Building G's vlan is 105, port number 9 on core switch
Building H's vlan is 107, port number 11 on core switch

Yesterday one building (G, vlan 105) (with 40 workstations- mainly Dell GX620s or Dell Optiplex 760s) dropped completely... no pings or connection to the network.  This was followed by two other buildings (B, Z and H) losing connection to network.  I cannot ping the switch in the IDFs but cannot ping any nodes on that particular vlan (G, B, Z, or H).  Those nodes cannot ping other devices including their switch.  Eventually buildings B, Z, and H came back up while G is still down.  In G they cannot log into the domain but logging in locally I see a ip of 169.254... signal that I can't get to DHCP server... right??  That switch uses vlan 105, 20 (a vlan for our printers.)  You might think we have a bad cable/fiber/gbic... nope... we have a printer on vlan 20 that I can ping and print to from another vlan across campus.

This morning we have building G, H, and A down completely.  From the core, I can ping their switches in the IDF (Dell PC 3448) but cannot ping nodes on that VLAN.  nodes on that VLAN cannot ping the IDF switch of their building and cannot ping the core switch.  again... 169.254...
Today I could get 6 workstations on vlan 20 to come across the switch in the G building and connect with the network.  Any more workstations we try to add on vlan 20 won’t connect… just a 169.254 address.

The problem is not electrical, no other device has been installed on the network.  No other changes were made on the network.

On the core switch we are seeing a ton of activity in the Statistics/RMON, Table Views, Utilization, Counter, Interface and Etherlike:

Utilization shows 3 ports with 100% Non Unicast Packets Received and all the other ports are working fine showing 100% Unicast recieved.

Counter Summary shows significantly more Received Non Unicast Packets by the bad ports rather than the good ports which report much lower.

Interface Statistics I've cleared the counters and on the bad ports I'm seeing a significant number of broadcast packets than unicast or multicast packets.  The good ports show unicast packets in the tens of thousands and very little broadcast or multicast packets.

There are zero reports under the Etherlike Stats for bad or good ports... all looks good there.

Port 9 on the core switch connects to the IDF in building G, vlan 105.  I even moved the connection to port 12 thinking it could be a bad port.  Same issue.

I considered a broadcast storm but since we have some buildings up and some buildings down I cannot isolate a particular building.  At one point I disconnected all nodes from building G and rebooted everything hoping to break a loop if there was one.  no luck.

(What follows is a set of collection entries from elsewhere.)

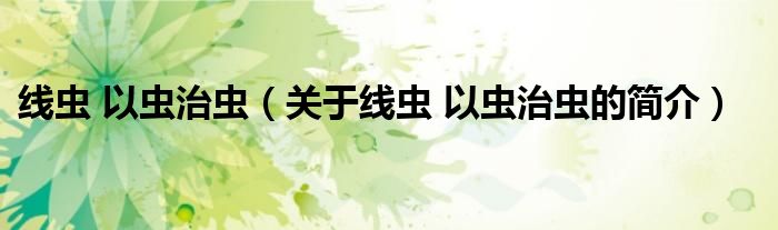 本文關于線蟲 以蟲治蟲的簡介就講解完畢,希望對大家有所幫助。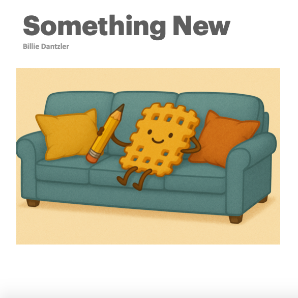 In Something New a waffle fry decides he wants to do something new, an adventure he's never been on before. His best friend, a couch, is scared of losing his friend.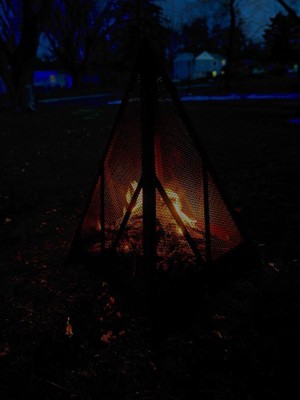 [This review was collected as part of a promotion.] This is great fire pit, i really like the unique design and good size for my place. You don't need to worry this one fall in the windy day cause the heavy duty steel outside. This very easy to install also. The design make the wood inside safe and keep the sparks not flying around, keep warm enough for outdoor.
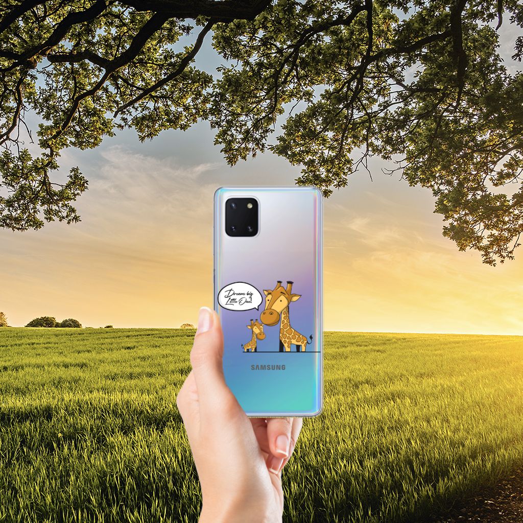 Ben je op zoek naar een uniek telefoonhoesje voor je Samsung Galaxy Note 10 Lite? Dan ben je bij B2C Telecom aan het juiste adres! Speciaal voor jou hebben we dit prachtige Giraffe design in onze collectie hoesjes opgenomen. Het design wordt bedrukt op een Telefoonhoesje met Naam en is gemaakt van flexibel rubber. Het design wordt alleen aan de bovenkant van het hoesje bedrukt en de randen blijven transparant. Aan de zijkanten zijn uitsparingen gemaakt waardoor je met gemak alle knoppen en poorten kunt bedienen. Wij adviseren om dit hoesje in combinatie met een screenprotector te gebruiken voor een langere levensduur van je telefoon. Wil je dit design hoesje nog iets extra's geven? Voeg dan gratis je naam of een quote toe! Is dit design hoesje toch niet helemaal wat je zocht? Ontwerp dan zelf een hoesje in ons ontwerpprogramma.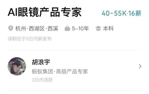 近日,Boss直聘上一则招聘信息显示,蚂蚁集团正在招聘AI智能眼镜产品专家。根据该职位描述及要求,应聘者需要负责AI眼镜产品应用功能设计,并负责多种原型应用产品方案搭建与测试,与主产品一起讨论选择最优方案,以及负责研究AI眼镜的应用产品设计范式,形成结构化的文档/方案。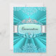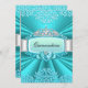Invitación verde azulada Quinceanera. Tiara y damasco de diamantes de bonito. Todas las imágenes planas no tienen joyas ni arcos reales.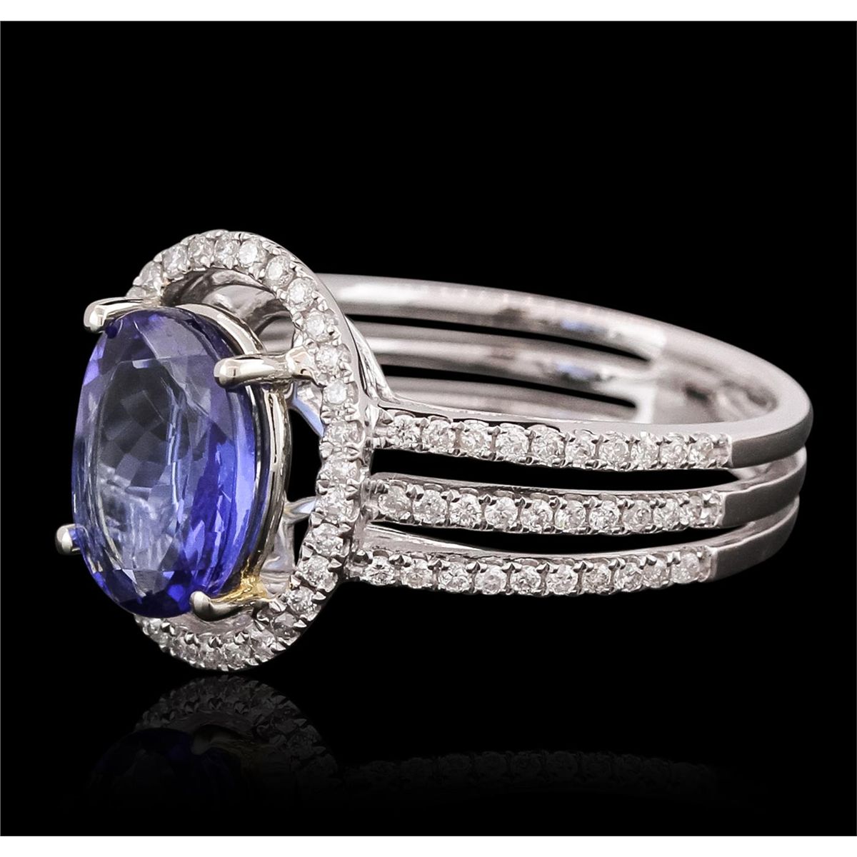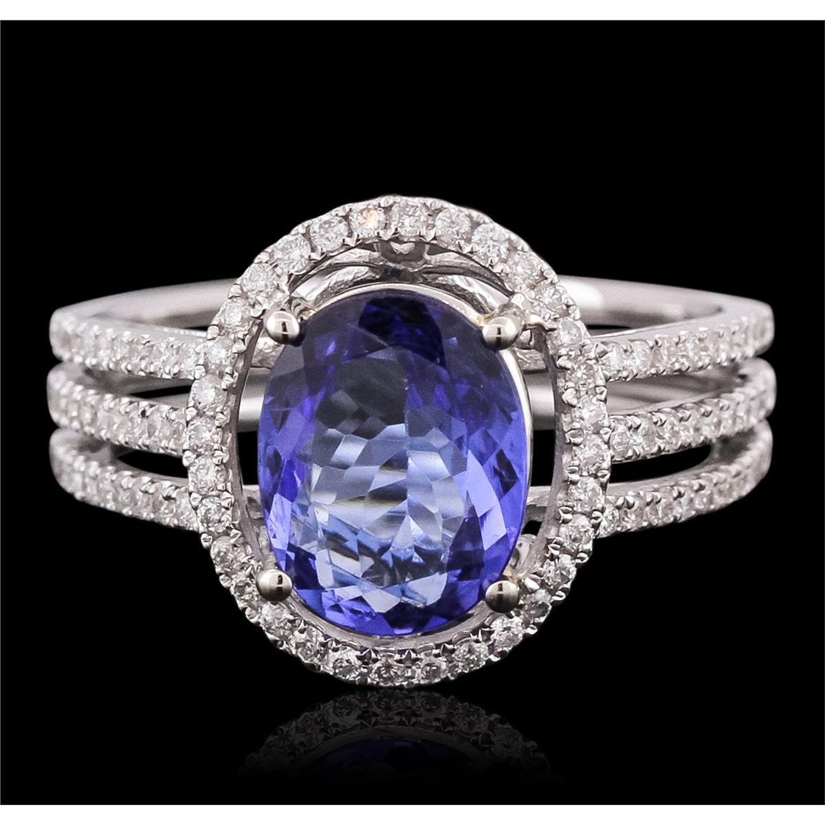 One electronically tested 14KT white gold ladies combination cast & assembled ring with a bright polish finish. Identified with markings of "14K". Condition is new. Containing: One prong set oval modified brilliant cut natural tanzanite, measuring 9.65 x 7.46 x 3.81mm, approximate weight of 1.87ct., clarity is eye clean, type I, medium light, very slightly grayish, violet color, (GIA V 4/3), cut is good. Ninety-One prong set round brilliant cut diamonds, measuring 1.10 - 1.10 x 0.66mm (depth est.) approximate total weight of 91 Stones = 0.44ct. Clarity: I-1 to I-2. Color: I - J, Cut is Good. Colored gemstones are presumed to have been subjected to commonly used enhancement processes. All diamonds and colored gemstones are graded in the mounting, unless otherwise stated. Total Weight of Colored Stones 1.87ct. Total Weight of Diamonds 0.44ct. Total Weight of Ring 4.70 grams. GGL Appraised at $5,520.00.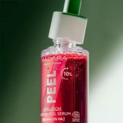 MÁDARA PEEL Hyaluron Intense Peel Serum er beriget med 10% mælkesyre (AHA) og hyaluronsyre, som både eksfolierer, fugter og giver huden fornyet fylde. Virkninger, der er med til at fremme en glattere, mere ensartet hud med en levende glød.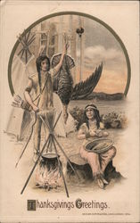 Indian Woman Defeathering Turkey - Glad Thanksg...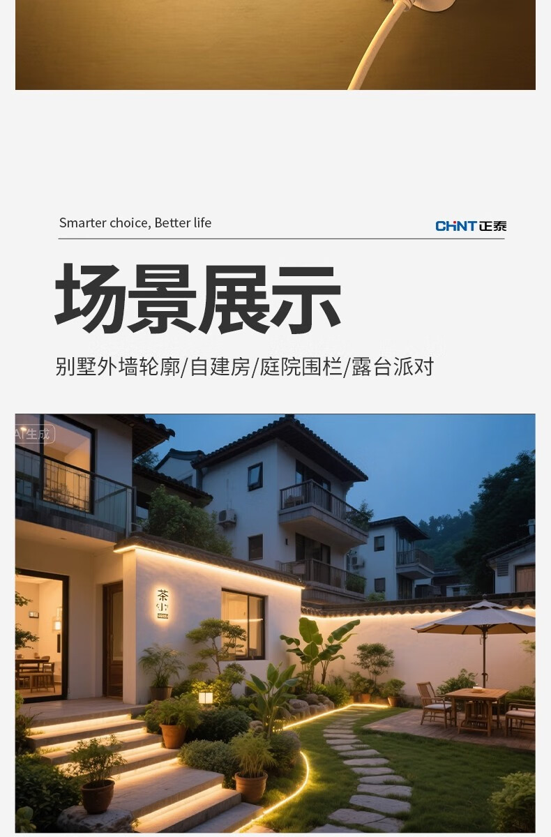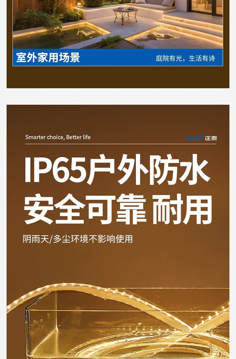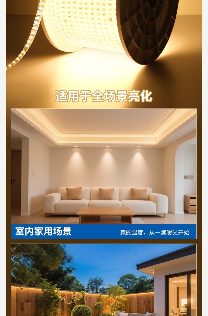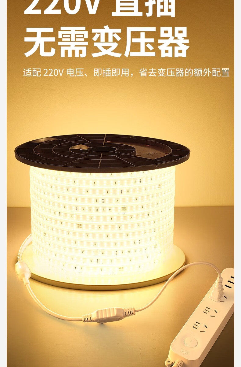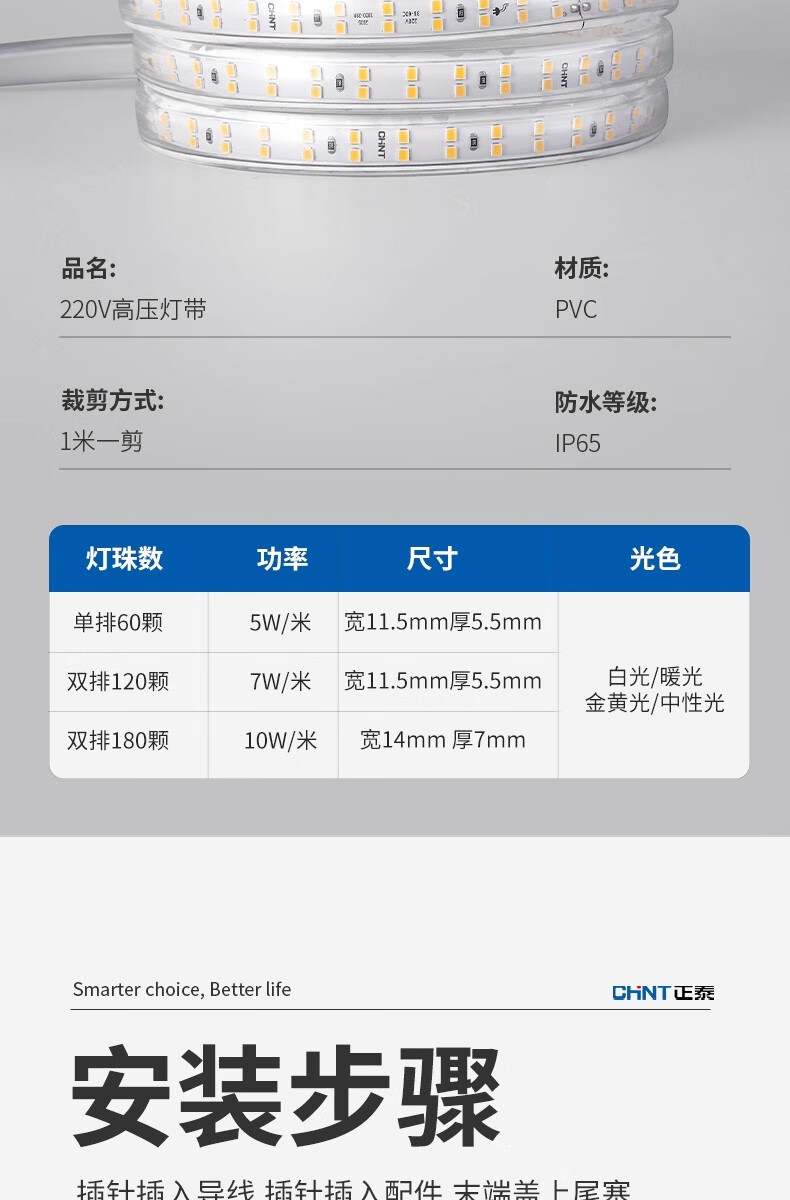 正泰220v灯带led灯条客厅吊顶家用照明天花板氛围防水线形软灯条超亮 双排明亮光【180珠金黄光】 本链接为单米价 需另外购买配件包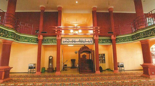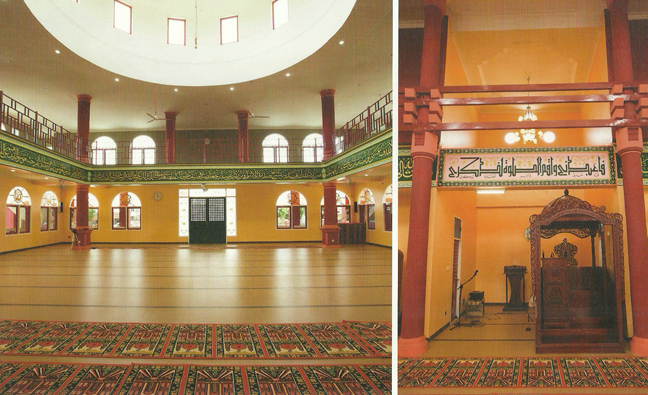 Sebagai penggantinya, dinding yang mengelilingi ruangan dihiasi kaligrafi bertuliskan huruf Arab. Dinding tersebut sekaligus menjadi batas lantai atas yang menjadi mezzanine di ruang utama ibadah.

I have bounced every switch at least 5 times.

Is my core switch failing or do I have some weird dhcp issue?

Thanks for any help you can give me.
Avatar of Aaron Tomosky
Aaron Tomosky
Flag of United States of America image

Is there wifi in the buildings? Could someone have plugged into one building and connected to wifi in another and crossed vlans?
Ok, I just thought of a much better reason. Someone could have plugged the LAN side of a dhcp enabled router into a port thinking they can just use it as a switch.
Avatar of imayjustdriveoffintothesunset


Thank you for these two ideas.   No on the first.   And no on the second. Our switches are all in locked boxes with only myself has the key.
Avatar of Rick_O_Shay
Flag of United States of America image

Link to home
This solution is only available to members.
To access this solution, you must be a member of Experts Exchange.
Start Free Trial
I Mean in building g, someone could have plugged in a rogue access point (consumer router) therefore adding another dhcp server to the network. I could still be totally wrong I just wanted to clarify.
Avatar of manni78

If you can ping all your switches from core switch then I suggest you to start troubleshooting with giving static IP to PC which are not picking IP from DHCP.
If you can ping nodes in other building from server VLAN then it’s not an issue with physical connectivity.
Check the configuration of uplink ports between core and access layer switches. Uplink port should be a trunk port and make sure server VLAN is allowed in trunk port.
One more thing, check if there is option to define DHCP relay server IP on the core/access switch.

I can't tell you how appreciative I am to have all these suggestions...

aarontomosky:  I went to all 9 rooms and physically inspected and unplugged each port.... thinking that same thing.  No rouge AP.  We do use some palm switches so I thought maybe a teacher or kid messed with the cords and caused a loop... nothing.

Rick O Shay:  DHCP looks okay.  The buildings down (the scopes are according to the buildings) have no leases... they expired yesterday.  The current buildings are showing leases ending at various times tdoay or tomorrow.

I manually config'd a few workstations in building G with a vlan address...   Vlan 105 ip is: so I manually config'd or, etc.  subnet of gateway of: and nothing... can't even ping the IDF switch.

All uplinks are properly config'd for spanning tree.  This network has been running properly for years this way but I did go in with Dell support to confirm it's correct.

The 4th thing you mentioned I'd like a bit more info to help me out...  would you suggest I monitor traffic on what vlan?  I have nothing coming through at all on vlan 105 (Building G) or 101 (Building A)or 107 (building H.)  Should I look for DHCP  Offers or ACK from a DHCP anything other than our 1 I know is valid?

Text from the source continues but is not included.